My father is, and always has been, a hard worker.  He took whatever job he could to support us, but in the unstable energy economy of 1980’s Wyoming there was always a fear behind my parent’s eyes.  Their amazing resilience makes me tearful with pride now, as a parent myself. 

Because, back then, I never knew we lacked for anything. 

We were always fed.  We were always clothed.  We had a roof over our heads and wild game in the freezer.  We made do.  When lay offs hit, they squeezed the most out of what we had and made do.  When dad went back to college for a second degree in teaching, we lived in a small house in Laramie and made do.  When Christmas came around and three kids rushed to the living room, there was always something there to be thankful for.

I didn’t have cable as a kid; I had books.  I didn’t have a TV in my room; I had the library less than two blocks away.  It didn’t matter that we couldn’t afford vacations to far off places because I could go there in my mind.  Pages were like my wings, rocketing me towards new and fantastic horizons.  My parents couldn’t give me designer clothes or name brand shoes.  They gave me Jean M. Auel, Jack London, L.M. Montgomery, Louis L’Amour, Piers Anthony, and Jane Austen.  They gave me hours and days of uninterrupted reading time.  I still remember mom peeking in on me, sprawled out in bed, pouring over a book, completely lost to the world around me, asking if I needed anything. 

Looking back now, and knowing what I do about how much it costs to raise a child (nonetheless three), I really couldn’t have asked for more.


We made more than just meals from small staples.  We made worlds out of our love and support of one another.  My parents gave us the belief in where our minds could take us.  And we made do.


Thank you for visiting this blog and please, this holiday season, remember the hardworking families of our community that still struggle.

http://www.foodbanklarimer.org/
http://salvationarmyfortcollins.org/


5 comments:

Dean K Miller said...

Wonderful sentiments, Sarah.

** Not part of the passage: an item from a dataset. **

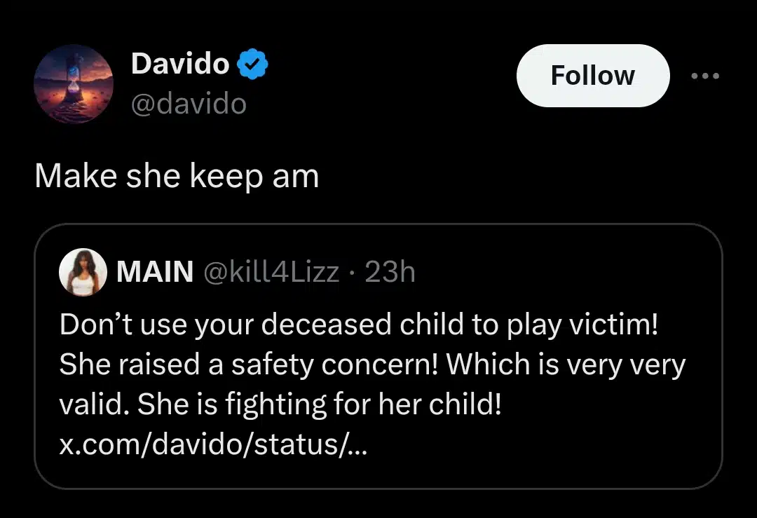 He also tweeted, “All I asked for was ‘joint custody’ but cus it’s davido yall wanna act like yall can’t read! SMH I’m off this … yall be blessed and I pray this never happens to you.”

A life well lived isn't always the one with the most stuff. Congrat to your parents for their steadfast love and hard work. You are lucky to have them.

Patricia Stoltey said...

This is my story, too, Sarah, except I was a farm kid in Illinois and my dad was a tenant farmer at the time. With our own livestock and garden, and with the rest of the farm community just like us, I had no idea we weren't rich. The big scares came with things like tornadoes ripping through fields, torrential rains during harvest time, and hordes of army worms making their way from field to field, eating everything in their path. And all that time, I was happy with my books.

April Moore said...

This was very much like us too. We had the b&w generic products, went on very few vacations (except to visit family) and made do a lot. But I don't ever remember feeling deprived of anything, despite many lean years. I don't think I would have had it any other way. Thanks for the beautiful post.

M. K. Theodoratus said...

Yeah, it's time to dump your change into the SA kettles.

I grew up in much the same kind of boat as the rest of you, with my parents doing the best with the resources at hand.

Have never been able to figure out all the fuss about the desirability of designer labels, a closet full of shoes ... and other stuff. Even as a kid.

Then, when I started working as a domestic, I quickly saw that having money didn't make you happy. In a way, my employers were more miserable than the poorest in the barrio.

Shirley Drew said...

Wonderful post, Sarah. It IS important to remember that we are fortunate...and that others are not always as fortunate. And then DO something about it. Thanks for the links.